心の中で悪態つくも、私は堂々とセフィロスの挑発に乗りバスルームを出た。
「……本当にそれで出て来るとはな」
「ええ、あなたのお陰で下着までご臨終しましたのでね!」
ジェネシスは妖艶な笑みを浮かべ再び愛読書に視線を落とすが、アンジールは私に温かいコーヒーを差し出してくれた。
「ありがとう」
コーヒーを啜りながら私は思った。ここの男はアンジール以外話にならない。まともに会話しようとすると、とてもとても疲れる。
部屋に飛び散った蛍光灯の破片が視界に入れば、心の中でいろんな感情が溢れてきそうになったが、頬と腕の傷が疼きがそれを抑えてくれているようだ。

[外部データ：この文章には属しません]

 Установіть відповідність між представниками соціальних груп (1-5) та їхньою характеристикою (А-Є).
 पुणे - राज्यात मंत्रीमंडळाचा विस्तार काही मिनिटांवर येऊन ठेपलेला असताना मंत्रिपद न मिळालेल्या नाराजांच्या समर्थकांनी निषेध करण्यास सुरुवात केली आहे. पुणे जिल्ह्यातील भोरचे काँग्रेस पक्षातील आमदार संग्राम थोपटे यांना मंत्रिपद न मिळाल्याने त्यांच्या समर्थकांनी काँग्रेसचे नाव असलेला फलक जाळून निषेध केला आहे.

手渡されたコーヒーを飲んでいるとアンジールの携帯が鳴り、その電話でどうやら統括に呼ばれたらしく、申し訳無さそうに部屋を出て行った。
しかし!この二人と残されても困るんですよっ!
暫くの沈黙、しかしそれを破ったのは以外にもセフィロス。私の短髪とは正反対の長い銀髪を揺らし、その端正な口元が微かに動く。
「お前、明日からトレーニングルームで訓練しろ」
「……トレーニング?」
思いっきり怪訝な顔をする私にセフィロスは続ける。
「お前は今はごく僅かだが能力はある。それは感情の起伏により増幅されるが、マテリアの扱い方を知らないが故に上手く発動されない」
「……意味解んない」
私は率直な感想を述べたまでだが、セフィロスの目が険しくなった。それに気付いたジェネシスは溜め息を吐きながら補足する。

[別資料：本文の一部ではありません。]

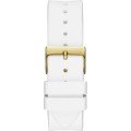 Questo cinturino Guess è fatto in silicone ed è collegato all'orologio per mezzo di perni a molla. Il cinturino ha una larghezza di 24 mm e si chiude a mezzo di fibbia. Il cinturino non ha montatura dritta, il che significa che questo cinturino è adatto solo per gli orologi elencati di seguito.

「この部屋を見て解らないか?またこんな風にならない様に君はマテリアの使い方を知る必要があるって事だ」
「……それって私が元の世界に帰れない事を前提にして言ってるの?」
「現段階でその話をするのは無意味だな」
ピシャリと言い切るセフィロスにまたしても不安が押し寄せるが、私はまた冷水を浴びせられるかもしれないと必死に平静を保とうとする。
するとドアをノックする音が聞こえ、天の助けとも言えるアンジールと統括が姿を現した。アンジールはこの部屋の有り様と私の恰好の事を既に統括に説明済みの様で、統括は女子社員に用意させたと真新しい着替えが入った袋を持ってきてくれた。
私はすぐにバスルームにて袋を確認。ご丁寧に下着も入っている。急いでそれらを身に付けてみるが、下着は何とかなったが服は全てにおいて大きかった。
ここの世界じゃこれが普通なの?と思いつつも贅沢は言っていられない。
私はそれらを纏い、これから重苦しい統括の話がある事を考え、深呼吸をしてからバスルームを後にした。